We here at the Jessica Journals enjoy receiving email, and by “we” I mean “me”. I particularly enjoy receiving electronic missives that offer more than a chance to “increase my size”. It nearly goes without saying that, being a self-absorbed artist, I most enjoy receiving fan mail. However, because I am an obscure and unsuccessful self-absorbed artist I have never actually received any fan mail...at least not until now....
I was no little excited when I opened my inbox to discover the following communiqué:
From: Matt Dart
To: Jessica Menn
Subject: From Matt
Hey I dont know you but I was looking at your art and your pritty good, your also pretty yourself you have a neet insight on things as well. Sorry to see that your kerry didnt win, I wasnt voteing for him my self but I think the guys could make a good leader. Well just thought you would like to hear from some one new. Keep drawing.
...Yes, my very first piece of fan mail. Huzzah!.

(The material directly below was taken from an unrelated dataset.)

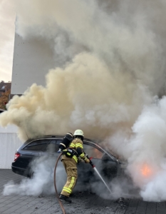 Am späten Nachmittag ist die Feuerwehr zu einem PKW-Brand, in die Bismarckstraße, alarmiert worden. Bereits bei Eintreffen der Einsatzkräfte brannte der Motorraum in voller Ausdehnung. Auch in die Fahrgastzelle konnte sich das Feuer ausbreiten. Mit zwei C-Rohren wurde eine schnelle Brandbekämpfung eingeleitet. Ein Gebäude wurde kurzeitig von der Rauchentwicklung eingehüllt, allerdings ohne eine Beeinträchtigung. Eine angrenzende Styropordämmung konnte den Temperaturen nicht standhalten und schmolz hinter dem Sichtputz. Die Feuerwehr öffnete sicherheitshalber den Hohlraum und kühlte die Styroporreste ab. An dem Fahrzeug entstand ein wirtschaftlicher Totalschaden. Verletzt wurde aber niemand.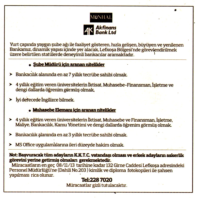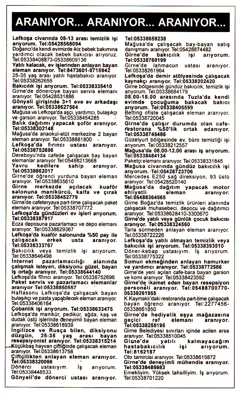 Kıbrıs Gazetelerinde yer alan iş ilanları. En üstte yer alan "Tam Ekran Yap" tuşuna basarsanız daha büyük halini görebilirsiniz.

Where to begin? I am so honored to have this person as my first non-blood-relation fan. The name “Matt Dart” alone places him in the upper escelons of a category of people occupied by such notable characters as Bruce Wayne, Clark Kent, Sam Spade, and Nick Danger. I can picture him clear as day--a yellow fedora clapped upon his head and his square jaw set as he prepares to face off against the criminal elite of Pit City’s ruthless underworld. Who can stand against the man who wields ivory Indian death knives carved by an acient priest of Kali and imbued with all the power of the netherworld?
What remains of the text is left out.